As a Lead Site Reliability Engineer (SRE) you will help build a meaningful engineering discipline, combining software and systems to develop creative engineering solutions to operations problems. Much of our support and software development focuses on optimizing existing systems, building infrastructure and reducing work through automation. You'll join a team of curious problem solvers with a diverse set of perspectives who are thinking big and taking risks. In this environment you'll take the lead on relevant projects, supported by an organization that provides the support and mentorship you need to learn and grow. As an SRE you'll be focused on running better production applications and systems.
This role requires a wide variety of strengths and capabilities, including:
Engineering degree or equivalent experience with work experience more than 15 Years
Understanding of relational and dimensional data modeling
Good experience writing complex SQL's independent of technologies
Experience with Big Data tools and data analysis a plus including HBase, HDFS, Sqoop, Spark
Working experience in Java programming; ideally targeting Kubernetes and AWS experience as well.
Experience in micro services
Experience in Unix shell scripting
Well versed with SDLC using Agile methodology
Excellent oral and written communication skills and the ability to clearly articulate to all project members and stakeholders
Experience with log analysis and monitoring tools such as AppDynamics/Geneos/Splunk and for big data technologies
Excellent debugging and troubleshooting skills on production issues
Require basic understanding and willingness to learn on the job skills around reporting tool like Tableau
Design, code, test and deliver software to automate manual operational work
Troubleshoot priority incidents, facilitate blameless post-mortems and ensure permanent closure of incidents
Engage with development team throughout the life cycle to help develop software for reliability and scale, ensuring minimal refactoring or changes
Perform the L1/L2/L3 support activities in SRE mode for the Production Support project with analysis and design work, including impact of requirements across all system components
Create unit test cases, perform unit testing, document test results and perform code reviews
Identify application patterns and analytics in support of better service level objectives
Design and develop the efforts involved in self-healing and resiliency patterns
Design automated software and product upgrades, change management, and release management solutions
Participate in the 24x7 support coverage as needed
JPMorgan Chase & Co., one of the oldest financial institutions, offers innovative financial solutions to millions of consumers, small businesses and many of the world's most prominent corporate, institutional and government clients under the J.P. Morgan and Chase brands.

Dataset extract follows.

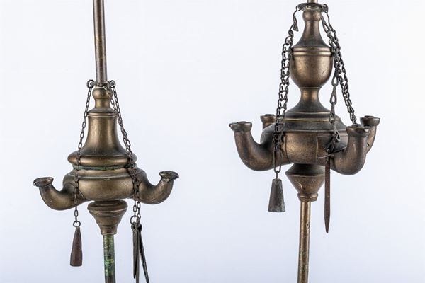 in brass, one with 4 lights (63 x 16 cm at the base), the other with 3 lights (49 x 12 cm at the base)

Our history spans over 200 years and today we are a leader in investment banking, consumer and small business banking, commercial banking, financial transaction processing and asset management.
We recognize that our people are our strength and the diverse talents they bring to our global workforce are directly linked to our success. We are an equal opportunity employer and place a high value on diversity and inclusion at our company. We do not discriminate on the basis of any protected attribute, including race, religion, color, national origin, gender, sexual orientation, gender identity, gender expression, age, marital or veteran status, pregnancy or disability, or any other basis protected under applicable law. In accordance with applicable law, we make reasonable accommodations for applicants' and employees' religious practices and beliefs, as well as any mental health or physical disability needs.